A good example of the power of land and plant-based solutions is the Farmer Managed Natural Regeneration (FMNR) program pioneered by Tony Rinaudo in Niger and now spreading around the world via the NGO World Vision. Rinaudo won an alternative Nobel Prize, the Right Livelihood Award, for his work in 2018. FMNR is about restoring trees from stumps, roots and seeds already in the soil. The result is improved soil fertility, livelihoods and carbon storage. It has already led to 240 million new trees and shows how climate action can go hand in hand with sustainable development.
Domestic versus offsets
Back in Brussels, next steps for the EU are to define what counts as removal and storage. It also needs a price for negative emissions. The EU could lead the world in creating a market for carbon removal. Start-up Puro.earth, incubated at Finnish state energy company Fortum, is showing the way. Since April 2019, Puro-earth verifies and trades carbon removal certificates. It issues them for carbon stored in one of three ways: carbonated building elements (basically concrete without the cement), wood (for building) and biochar (used in city landscaping).
The rationale is that while every organization can reduce its emissions and some may be able to go carbon neutral, very few can go net negative on their own. “You need someone else’s help,” Puro.earth co-founder Marianne Tikkanen told the December 4 conference. “You need certificates.”
Puro.earth holds certificate auctions every two months. The average price at its last auction in December 2019 was €23 a tonne of carbon removed. Buyers to date include SEB, a Nordic financial services group, and Chooose, a Norwegian company that offers citizens an ongoing subscription for carbon removal.

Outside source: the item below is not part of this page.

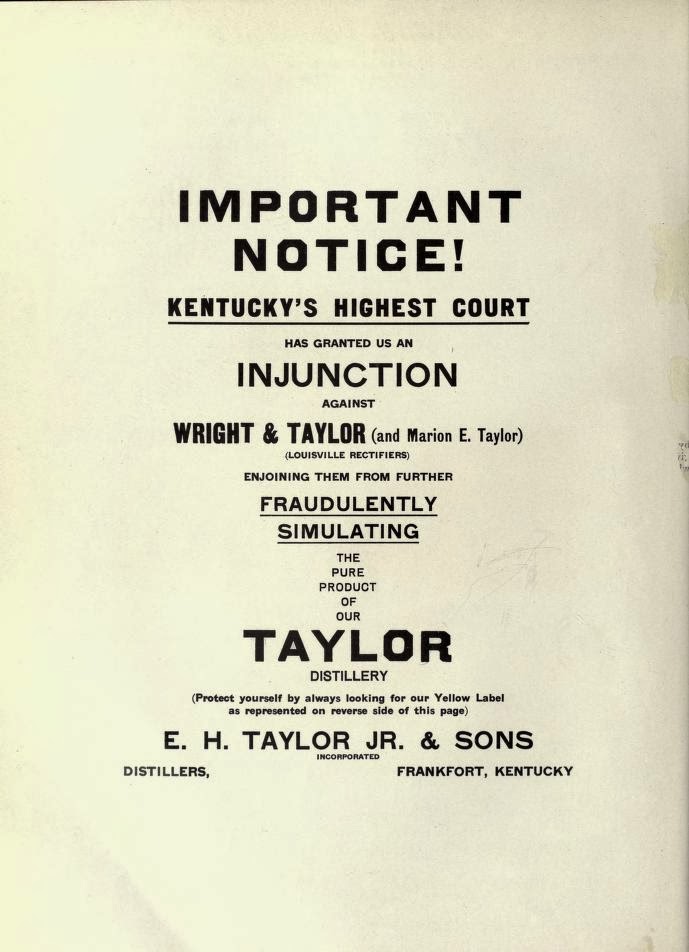After establishing this distinction and comparing the advertisements used by E. H. Taylor and Marion Taylor, the Court concluded that consumers who were “not familiar with the whisky trade would understand that ‘Old Kentucky Taylor’ was a straight whisky.”  The Court further concluded that Marion Taylor intentionally misled consumers through his advertising by trying to pass off his blended product as E. H. Taylor’s straight bourbon, “which had attained a very high reputation as a pure Kentucky distilled whisky.”
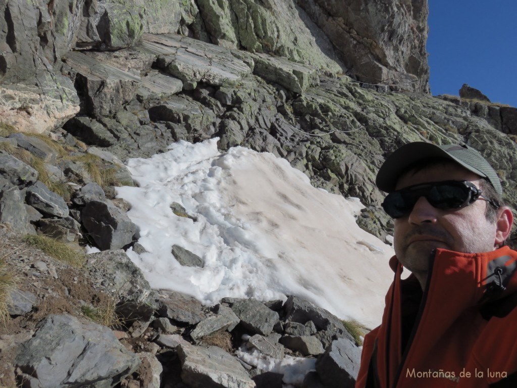 Subo a otra especie de collado o llano, sigo en dirección al perfecto cilindro de roca y paredes, forma que tiene este pico desde este lado. Me recuerda a otra montaña pero no recuerdo a cual… aunque mientras escribo estas letras me viene a la mente la imagen del Naranjo de Bulnes… Estoy incómodo. Tengo el estómago como revuelto, la tripa inquieta… creo que sé lo que me pasa, o lo hago o no puedo seguir; me acerco a un rincón junto a las rocas rojizas, ferruginosas volcánicas y hago de vientre ¡¡¡Uuufffff!!! Ya puedo seguir. Ahora cambio de vertiente y de nuevo me enfilo por el este por otra empinada pala de nieve hasta las mismas rocas del cilindro, hasta las mismas cadenas. Acaba la nieve y comienza la travesía por la roca con las cadenas. A la derecha la ladera acaba en una pared o abismo que no logro a ver desde aquí, y debajo de ésta el gran llano nevado y precioso de los Ibones de Anayet.

The difference with traditional emission reduction offsets, such as via the UN Clean Development Mechanism (CDM), which led to much controversy over whether the credits represented real emission reductions compared with business-as-usual, is that there is no baseline, only the absolute volume of carbon stored counts.
The model could be the start of a future potential business for energy companies: the polluter who pays becomes the cleaning lady who cashes in.